Богомил мягко улыбался:
— От тебя нет секретов, княже. Покажу с удовольствием.
В комнате кудесника по стенам было много полок: на одних стояли деревянные шкатулки и склянки, на других лежали фолианты — убранные кожей, кованым железом. На большом столе, заваленном свитками, князь увидел весы, карту звёздного неба и оскаленный человеческий череп.
— Ну и клеть у тебя! — восхитился мальчик. — Я бывал в хоромах у Жеривола — у него не так интересно.
— Жеривол врачует посредственно, — отозвался волхв, — и в лекарствах разбирается плохо. Он зато дока в части проведения праздников. А меня заботит не только небо, но и жизнь всего сущего на земле... — Он провёл пальцем по одной из полок. — Тут стоят разнообразные снадобья — порошки да отвары — от любой лихоманки. Вот от грызи в ногах и руках... от блевоты... и от икоты... Вот целебные травы: спрыг-трава, одолень-трава и чертополох... Корень терлича, чтобы полюбили: «Терличь, терличь, мово милого прикличь...» Здесь держу для иных лекарств — волчье сердце, когти чёрной кошки, гадюку... Вот сушёные чёрные тараканы — если истолочь, помогает при частых сердцебиениях...
— Фу, какая гадость! — сморщился Владимир. — Лучше покажи эти книжки.
— На, смотри, милый княже. Здесь премудрость нашего времени. Это вот — колядник: свод законов и правил, как вести наши праздники. Это мысленник — как всевышние боги сотворили землю и человека. Это сонник — как разгадывать сны. Это путник — как предсказывать судьбу по тому, кто встретится тебе на дороге. Чаровник — описание оборотней и нечистой силы. И ещё зеленник — о целебных и ядовитых травах...

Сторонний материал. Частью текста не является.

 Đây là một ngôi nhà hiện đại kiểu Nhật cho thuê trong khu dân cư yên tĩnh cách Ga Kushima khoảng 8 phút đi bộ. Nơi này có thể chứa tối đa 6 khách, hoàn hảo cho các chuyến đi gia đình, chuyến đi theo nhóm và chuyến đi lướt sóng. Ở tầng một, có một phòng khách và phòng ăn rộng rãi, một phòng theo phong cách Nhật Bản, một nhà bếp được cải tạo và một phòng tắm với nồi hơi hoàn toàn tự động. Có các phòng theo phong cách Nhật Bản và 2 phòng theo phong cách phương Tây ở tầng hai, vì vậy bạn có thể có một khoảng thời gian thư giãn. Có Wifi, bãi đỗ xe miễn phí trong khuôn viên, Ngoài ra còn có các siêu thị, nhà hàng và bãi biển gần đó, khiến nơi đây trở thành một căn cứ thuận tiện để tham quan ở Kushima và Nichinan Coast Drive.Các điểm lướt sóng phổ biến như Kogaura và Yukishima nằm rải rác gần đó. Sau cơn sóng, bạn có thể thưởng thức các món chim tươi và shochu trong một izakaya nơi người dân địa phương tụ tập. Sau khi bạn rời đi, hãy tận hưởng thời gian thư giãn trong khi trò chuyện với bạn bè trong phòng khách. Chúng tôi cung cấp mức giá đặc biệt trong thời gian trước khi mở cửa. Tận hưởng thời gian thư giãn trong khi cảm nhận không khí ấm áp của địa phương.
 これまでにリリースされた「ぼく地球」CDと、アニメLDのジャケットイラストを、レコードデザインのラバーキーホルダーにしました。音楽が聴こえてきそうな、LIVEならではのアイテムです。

— А вот этот, толстый? — встал на цыпочки мальчик.
— Это редкая книга, — Соловей стащил огромадный том, положил его на стол и раскрыл. — Я её получил в наследство от деда, ворожея и колдуна. Называется «Волховник». В ней приметы, по которым предсказывают грядущее. Например, воронограй — по тому, как вороны каркают. Куроглашенник — по весеннему крику петухов. Птичник — по полёту гусей и галок. Трепетник — по тому, как трепещут у людей брови, подбородок, глаза... Да всего и не перечислишь!
— Ну а мне предскажи что-нибудь, пожалуйста.

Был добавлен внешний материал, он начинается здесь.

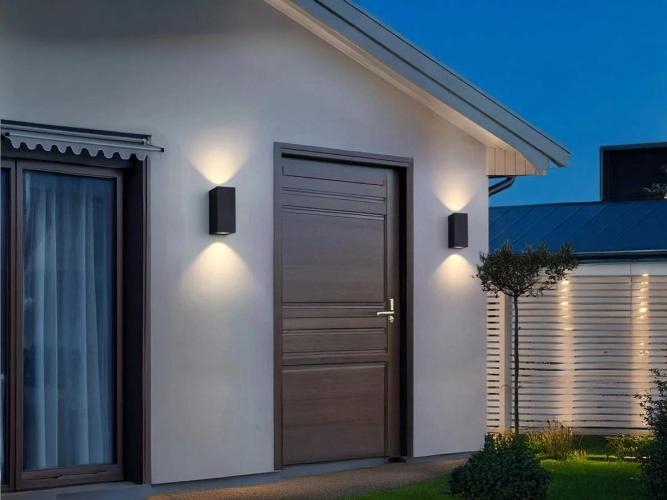 16 x Wandlamp modern rechthoekig GU10 duo fitting zand zwart waterdicht - IP44 waterdicht - afm. 92 x 68 x 150 mm - materiaal aluminum en glas diffuser - bevestiging inclusief - GU10 fitting - bulb niet inbegrepen - geschikt voor binnen en buiten - 2 x bulb invoer - voltage 220-240V - max 2 x 35 watt - SKU 00704
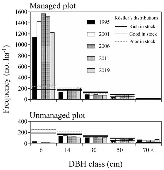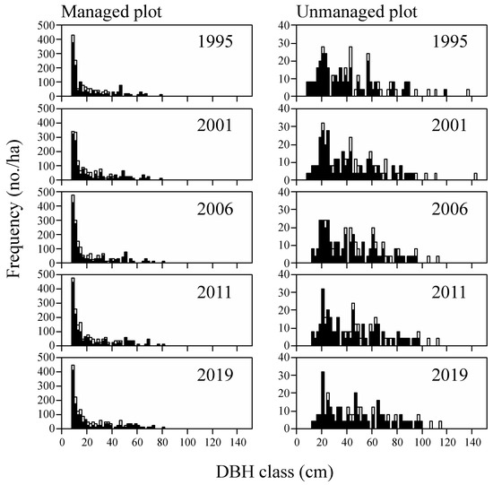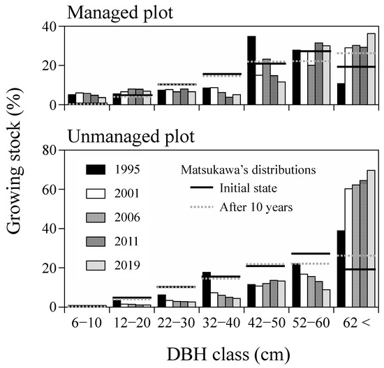 The distribution of the growing stock by DBH classes had clear overstockings with trees ≥42 cm in DBH; however, they varied since 1995 (Figure 6). We included the trees with 5 cm ≤ DBH for comparison with Matsukawa’s concept. The high share of the largest size class in 2019 indicates that over the years, trees grew considerably large diameters, contributing much to the high-growing stock. During the same period of observation, the growing stock in the unmanaged plot also increased from 883.6 to 981.7 m3 ha−1 (Table 3).
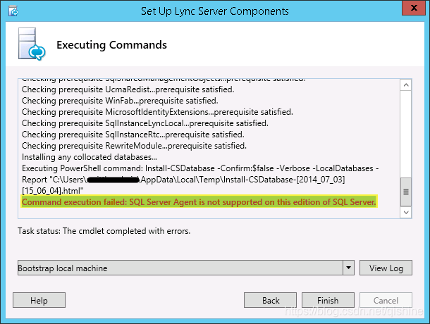 继续安装向导,安装SQL数据库。但是在最后的时候遇到了问题。
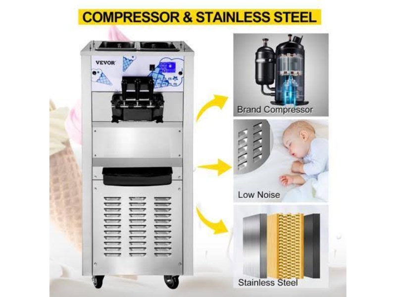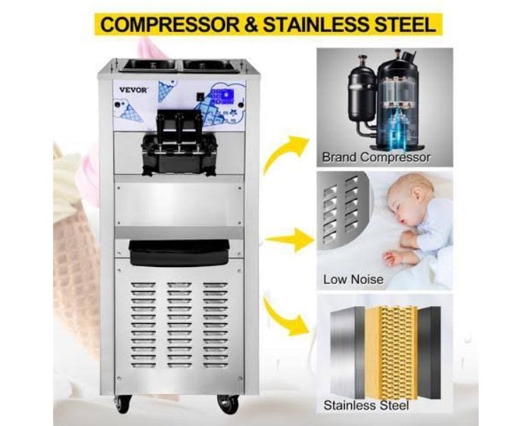 12L High Production Capacity: This commercial ice cream machine is designed with double 3.2 Gal (12L) hoppers, both made of food-grade 304 stainless steel, and can produce up to 10.6 Gal gallons (40 liters) of ice cream per hour, which can meet daily household or commercial needs. 2 Hoppers & 2+1 Flavors: Our soft serve ice cream machine integrates 3 flavors to meet various tastes, including 2 single flavors and 1 mixed flavor. During the mixing process, you can add your favorite foods, such as vanilla, strawberry, chocolate, mango, etc. 2500W Powerful Compressor: Driven by a 2500 watt brand compressor, this commercial ice cream maker has faster cooling, less noise, and lower power consumption. R404a & R134a refrigerant makes ice cream production more efficient and energy-saving, allowing you to don’t worry about soaring electricity bills while making the soft ice cream. Intelligent Panel Control: You can set the time, temperature, and hardness with the convenient control panel. The quantity will also be displayed on the screen for direct observation, and with just one click, the ice cream machine can quickly start self-cleaning. It is widely applied in restaurants, cafés, snack shops, fast food shops, supermarkets, pubs, and other places with great needs.
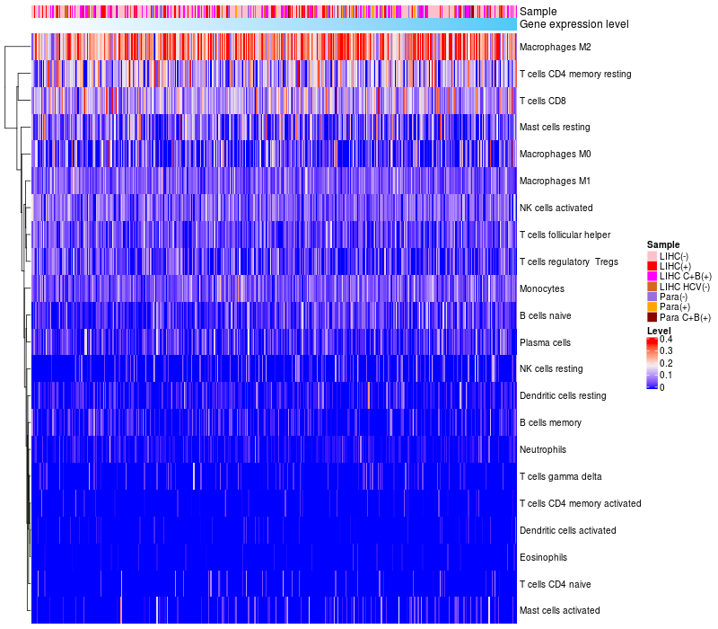 Liver hepatocellular carcinoma HCV (HBV+)(86), Liver hepatocellular carcinoma HCV (HBV-)(19), Liver hepatocellular carcinoma (HBV+)(209), Liver hepatocellular carcinoma (HBV+)(60), Paracancerous HCV (HBV+)(4), Paracancerous (HBV-)(28), Paracancerous (HBV+)(18) |
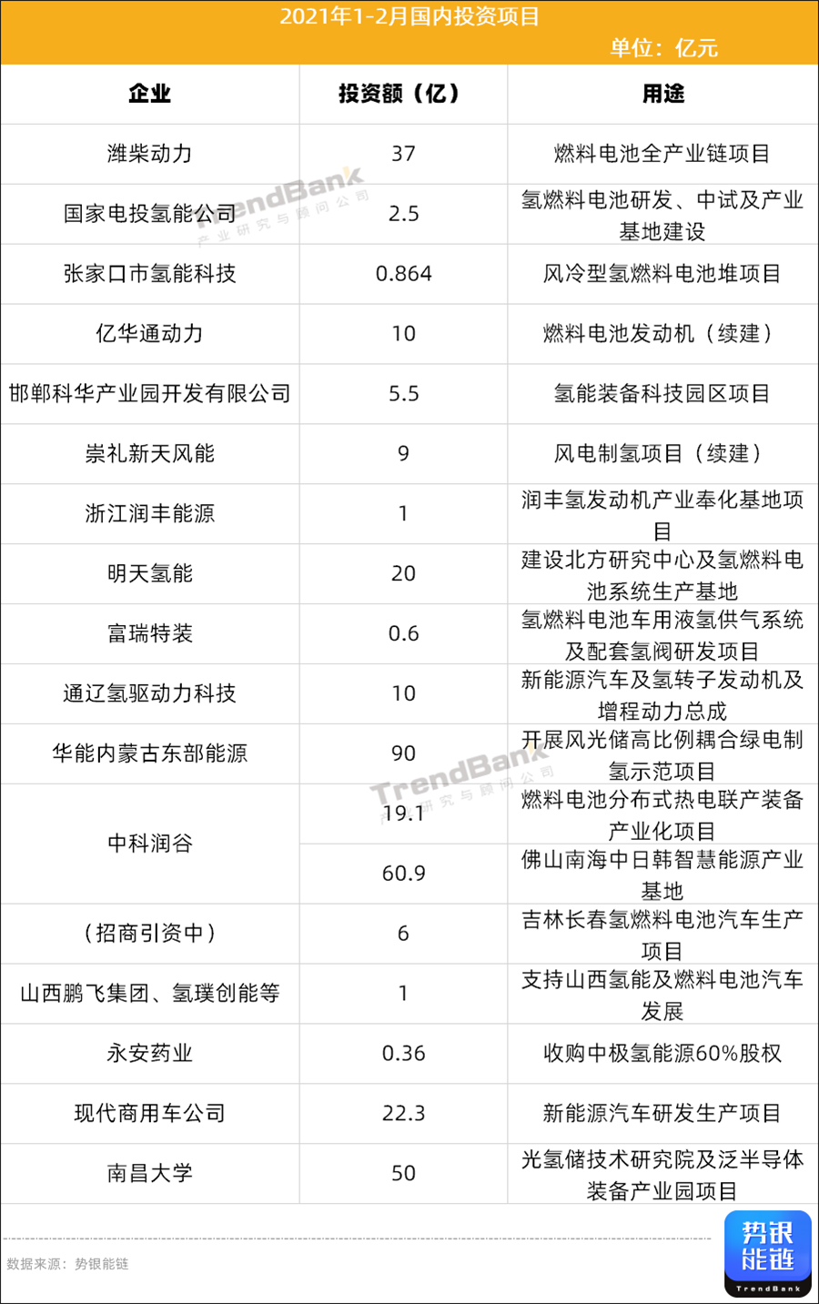 在國內(nèi),2021年氫電項目投資熱情不減。據(jù)勢銀能鏈不完全統(tǒng)計,2021年1月和2月,全國項目總投資/募資金額約346億元。

Богомил посмотрел на князя внимательно. И спросил:
— Например? Что ты хочешь узнать в частности?
Тот поскрёб у себя в затылке:
— Сколько лет мне будет, когда я умру?
Волхв посерьёзнел.
— Хорошо. Только обещай, что не скажешь никому, кто бы ни пытался вызнать у тебя про сие число.
— Даже дяде Добрыне и дедушке Асмуду?
— Даже им.
— Обещаю, что буду нем как рыба.
— Ну, тогда я попробую.
Соловей вынул из длинной коробки восковую свечу, сделал на ней несколько засечек, вставил в бронзовый подсвечник и, произнеся какие-то заклинания, чиркнул камешками-кресалами. Свечка вспыхнула. Чародей водил вдоль неё ладонями, что-то бормотал, не сводя глаз с огня. Маленькому Владимиру стало жутко. Он смотрел тоже на свечу, повторяя внутренне: «Погори, погори подольше... Я прошу! Пожалуйста! Ну, ещё! Ну, ещё! Ну, ещё чуток!..» Свечка светила ровно. Язычок её почти не качался, лишь фитиль изредка потрескивал. Таял воск. Капал на подсвечник. Пламя спускалось ниже и ниже. Неожиданно оно щёлкнуло и погасло, вроде само собой, — жило и умерло, не сгорев на три четверти.
— Ну? — спросил сын Малуши тихо.
— По гаданию получилось так: ты умрёшь не раньше, чем в пятьдесят четыре, но не позже, чем в шестьдесят один.
Мальчик слегка помедлил, что-то прикидывая в уме, а потом сказал:
— Значит, сорок пять ещё проживу, — и повеселел: — Что ж, неплохо. Кое-что успею, наверное.
Византия, осень 970 года
Монастырь на острове Проти был по-деревенски неприхотлив и скромен, больше напоминал крестьянское хозяйство, чем святую обитель. Деревянная церковка, деревянные кельи.
Рядом — хлев с коровами и овчарня с овцами, птичник с индюками, утками и курами. Добрые монашки — их в монастыре насчитывалось не больше пятидесяти — сами делали масло, творог, а на землях близ монастыря выращивали просо, овёс и овощи. В деревеньке поблизости покупали рыбу; соль, фрукты и пшеничную муку. Жизнь текла размеренно, благонравно: засветло вставали, истово молились и работали, как предписано Господом, в поте лица своего.